The Hepburn Act is a 1906 United States federal law that expanded the jurisdiction of the Interstate Commerce Commission (ICC) and gave it the power to set maximum railroad rates. This led to the discontinuation of free passes to loyal shippers. In addition, the ICC could view the railroads' financial records, a task simplified by standardized bookkeeping systems. For any railroad that resisted, the ICC's conditions would remain in effect until the outcome of legislation said otherwise. By the Hepburn Act, the ICC's authority was extended to cover bridges, terminals, ferries, railroad sleeping cars, express companies and oil pipelines.

==Background==
In the President's fifth State of the Union message, Theodore Roosevelt called for the creation of some legislation which would grant powers to control prices of shipping rates. He said:

As I said in my message of December 6 last, the immediate and most pressing need, so far as legislation is concerned, is the enactment into law of some scheme to secure to the agents of the Government such supervision and regulation of the rates charged by the railroads of the country engaged in interstate traffic as shall summarily and effectively prevent the imposition of unjust or unreasonable rates. It must include putting a complete stop to rebates in every shape and form. This power to regulate rates, like all similar powers over the business world, should be exercised with moderation, caution, and self-restraint; but it should exist, so that it can be effectively exercised when the need arises.

The Hepburn Act was named for its sponsor, ten-term Iowa Republican congressman William Peters Hepburn. The final version was close to what President Theodore Roosevelt had asked for a year earlier, and it easily passed Congress with only three dissenting votes. The Act, along with the Elkins Act of 1903, was a component of one of Roosevelt's major policy goals: railroad regulation.

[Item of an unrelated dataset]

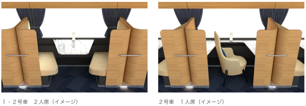 外観は志摩の「海・白砂・太陽」をモチーフに、青と白、そして金のラインで上質さを表現。4号車は革張り家具と間接照明を備えた特別室仕様、1・2号車は斜め配置のペアシートで車窓を最大限に楽しめる設計です。全車にパウダールームと大型荷物置場を設け、1号車には車いす対応スペースも備えます。

In Interstate Commerce Commission v. Cincinnati, New Orleans & Texas Pacific Railway Co. (1897), the Supreme Court ruled that the Interstate Commerce Act of 1887 did not grant the Interstate Commerce Commission an implied power to set reasonable rail transport rates. This act addressed this issue by explicitly granting such price control power to the agency under a "just-and-reasonable" standard. Railroads were forced to either comply or cease operations. Appeals of district court rulings on this act's application would directly go to the Supreme Court to speed the rate-setting process.

Anti-rebate provisions were toughened, free passes were outlawed, and the penalties for violation were increased. The ICC staff grew from 104 in 1890 to 178 in 1905, 330 in 1907, and 527 in 1909. Finally, the ICC gained the power to prescribe a uniform system of accounting, require standardized reports, and inspect railroad accounts.

The limitation on railroad rates depreciated the value of railroad securities, a factor in causing the Panic of 1907.

In 1914 the Supreme Court ruled that oil pipelines are common carriers subject to the supervision of the ICC.

==Significance==
Scholars consider the Hepburn Act the most important piece of legislation affecting railroads in the first half of the 20th century. Economists and historians debate whether it crippled the railroads, giving so much advantage to the shippers that a giant unregulated trucking industry—undreamed of in 1906—eventually took away their business.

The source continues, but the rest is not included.